South Korea, the US and Japan will sign their first-ever trilateral intelligence-sharing pact next week to better cope with North Korea’s increasing nuclear and missile threats, Seoul officials said yesterday.
The US has separate, bilateral intelligence-sharing agreements with South Korea and Japan, both US allies that are hosts to tens of thousands of US troops.
However, Seoul and Japan do not have such bilateral pacts amid long-running history disputes stemming from Japan’s colonial rule of the Korean Peninsula from 1910 to 1945.
Photo: EPA
In 2012, the two almost forged their first-ever intelligence-sharing pact, but its signing was scrapped at the last minute due to public backlash in South Korea.
Under the trilateral pact, South Korea and Japan would share intelligence — only on North Korea’s nuclear and missile programs — via the US, according to a statement by the South Korean Ministry of Defense.
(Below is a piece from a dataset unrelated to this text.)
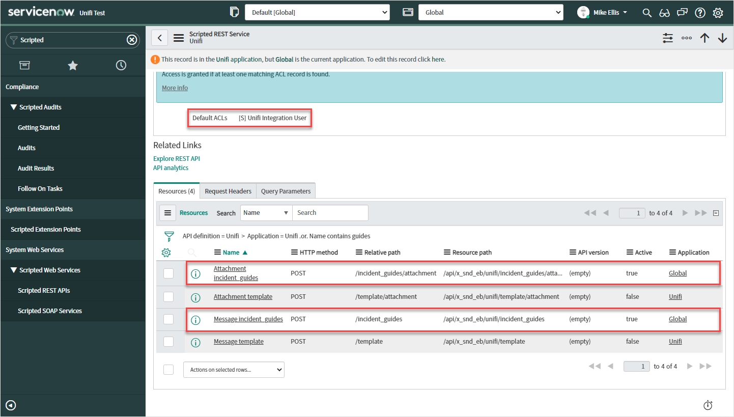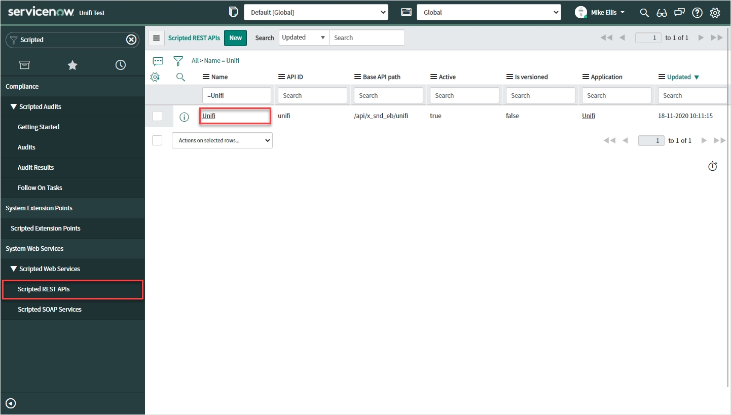 In native ServiceNow, navigate to System Web Services > Scripted Web Services > Scripted REST APIs. Click Unifi.

The pact would enable the three countries to swiftly respond to any North Korean provocation at a time when its threats are growing following its third nuclear test in February last year, the statement said.
The use of Japanese intelligence assets would boost surveillance on North Korea, it added.
The formal signing of the pact by the South Korean vice minister of defense and his US and Japanese counterparts will take place on Monday, according to South Korean defense officials.
The Korean Peninsula remains in a technical state of war because the 1950 to 1953 Korean War ended with an armistice, not a peace treaty.